Fortunately we managed to get a room in the same hotel we had been staying in in Thamel, Kathmandu. We also had a delicious dinner of aubergine and couscous in a restaurant called Mitho. It wasn’t too expensive and made a great change from rice or noodles.
Today we had a leisurely breakfast back at the Hotel Taleju Boutique (where we had stayed before) and ensured we were adequately satiated for a long wait. There’s very little food at the airport and what is there is very expensive.
On arrival at the airport planes were once again delayed for ‘air traffic’ reasons. Initially we waited patiently and then I saw some people getting put on an earlier flight after making a fuss. I ended up reminding them that we had been waiting since yesterday and should have priority over those from today. I also tried to pull the honeymoon card but that seemed to have no effect. After being told we were next on the list I saw 4 other people going ahead. Going back I was then told there were multiple people ahead of us. At this point I got cross as they kept changing what they were saying. Turns out making a fuss works. We were allowed to check in. Another hour late we were finally on a plane and arrived in worsening mist about 3pm. Frustratingly there were 3 empty seats on the plane and some of the people on it hadn’t even realised there were people who had been waiting since yesterday!

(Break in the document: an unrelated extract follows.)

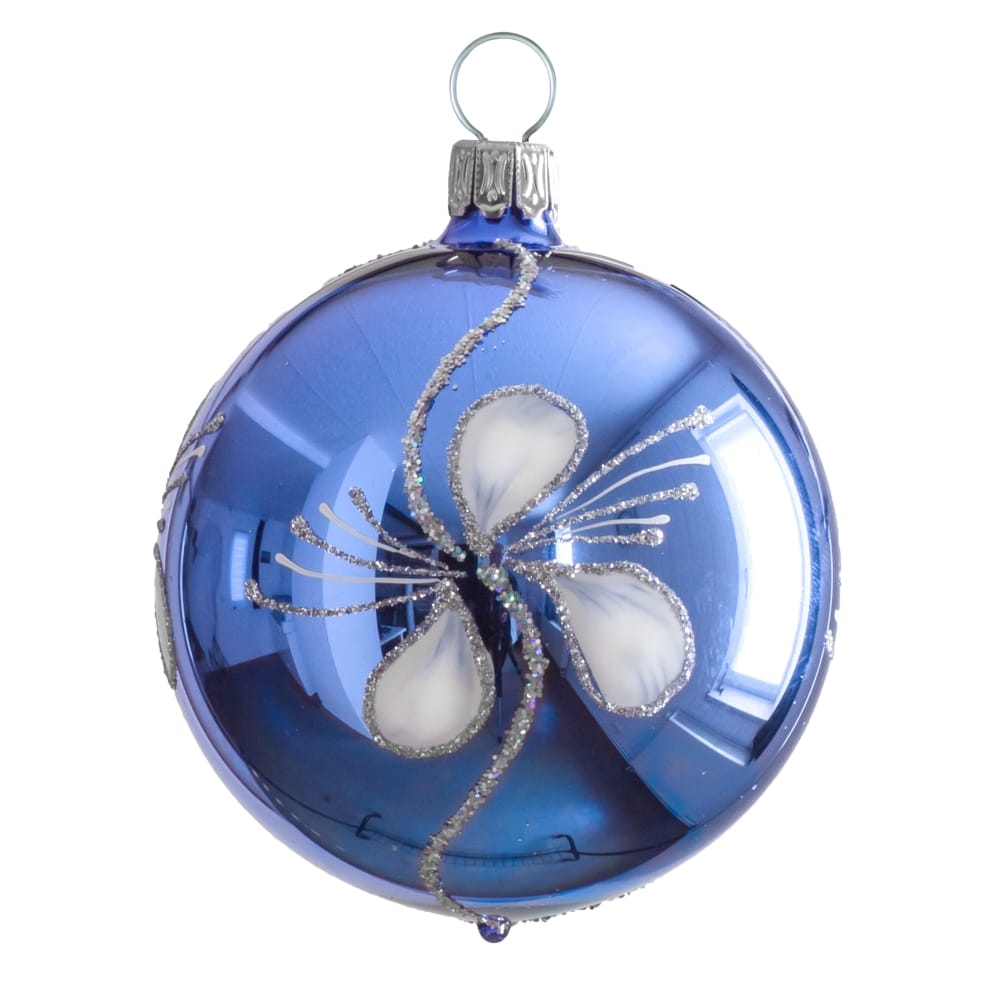 De blå glaskugler med mønster er 7 cm i diameter. De er mundblæste, håndmalede og fremstillet i ægte glas. Mål:Diameter: 7 cm Fremstillet af glasPakket med 4 stk. i en æske.

Flying into Lukla was slightly nerve racking. With the cold descending it was hard to see the surrounding mountains and as we flew up the valley it was clear that the hills either side were incredibly close.
The landing strip itself if only about 450m long and on a steep angle - there’s a drop below it and cliff above it. There isn’t much room for error, fortunately the pilots are used to this route and made the landing feel easy (despite a terrifying take off at the nice long Kathmandu airport which involved rather a lot of swerving...)
We walked through Lukla and checked in to a reasonable looking lodge before going elsewhere for a cheaper, and very late, lunch. We then brought our walking permits for tomorrow. Hopefully we will finally be able to start our walk tomorrow, 2 days later than planned.
NB - you can no longer get the permits you need for the base camp area in Kathmandu. You can now buy the walking permit in Lukla (equivalent to the TIMMS card for other treks) and the national park permit in Monjo. If you buy it in Kathmandu they are refusing to accept it at the local check points.